Look for the line containing "Ce kit de décentralisation" and the line containing "吕(Ryo)护发素金吕烫染呵" in the entries below. Copy those two and all lines between them exactly, leaving out pictures.

*** Opening of RECORDS SHOWN ***

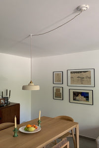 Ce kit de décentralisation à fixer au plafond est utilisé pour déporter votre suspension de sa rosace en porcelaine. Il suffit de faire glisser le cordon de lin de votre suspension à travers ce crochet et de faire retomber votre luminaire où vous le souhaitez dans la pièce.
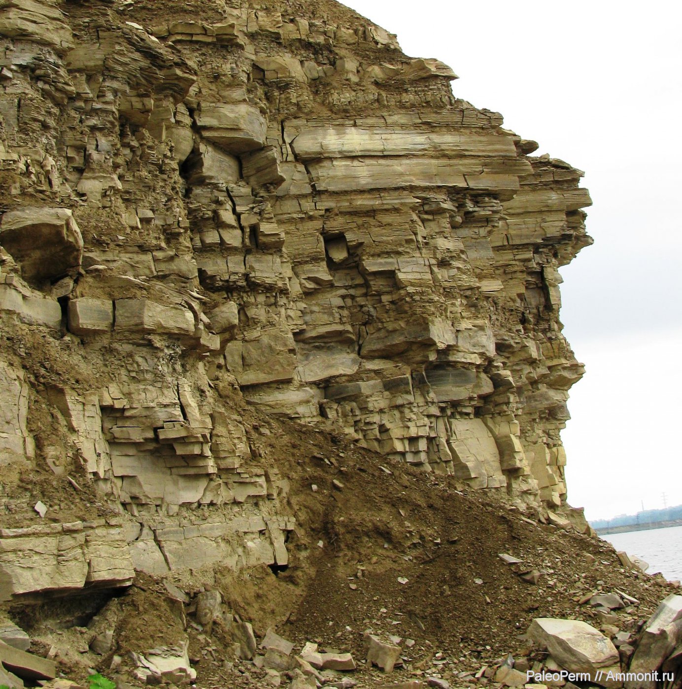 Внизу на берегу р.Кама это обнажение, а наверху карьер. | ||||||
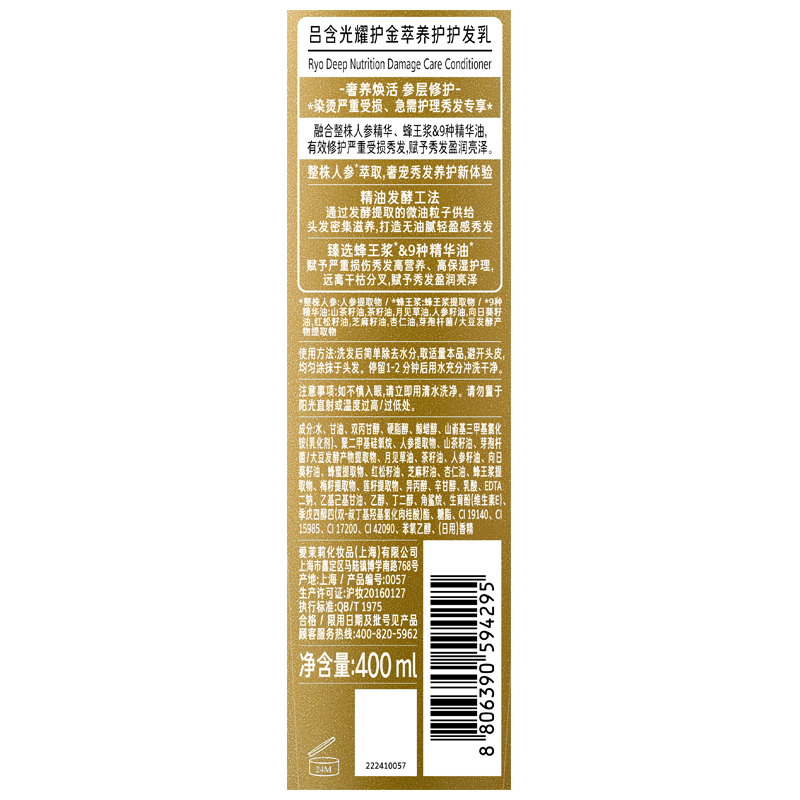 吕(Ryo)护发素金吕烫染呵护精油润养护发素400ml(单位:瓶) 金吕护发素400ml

*** Close of RECORDS SHOWN ***
*** Opening of RECORDS SHOWN ***

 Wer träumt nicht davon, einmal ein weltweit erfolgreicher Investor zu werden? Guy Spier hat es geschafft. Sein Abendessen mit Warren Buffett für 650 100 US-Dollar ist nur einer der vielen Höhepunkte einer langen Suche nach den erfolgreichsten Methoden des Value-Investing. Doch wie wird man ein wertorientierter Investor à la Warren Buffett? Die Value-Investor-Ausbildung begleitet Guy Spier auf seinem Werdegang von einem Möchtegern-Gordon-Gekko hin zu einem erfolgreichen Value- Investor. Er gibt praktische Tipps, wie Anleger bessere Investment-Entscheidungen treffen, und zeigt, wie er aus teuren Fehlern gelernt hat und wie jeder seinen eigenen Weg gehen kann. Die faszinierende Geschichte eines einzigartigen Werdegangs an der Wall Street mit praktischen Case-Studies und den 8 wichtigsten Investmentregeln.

*** Close of RECORDS SHOWN ***

*EXPECTED ANSWER*
 Ce kit de décentralisation à fixer au plafond est utilisé pour déporter votre suspension de sa rosace en porcelaine. Il suffit de faire glisser le cordon de lin de votre suspension à travers ce crochet et de faire retomber votre luminaire où vous le souhaitez dans la pièce.
 Внизу на берегу р.Кама это обнажение, а наверху карьер. | ||||||
 吕(Ryo)护发素金吕烫染呵护精油润养护发素400ml(单位:瓶) 金吕护发素400ml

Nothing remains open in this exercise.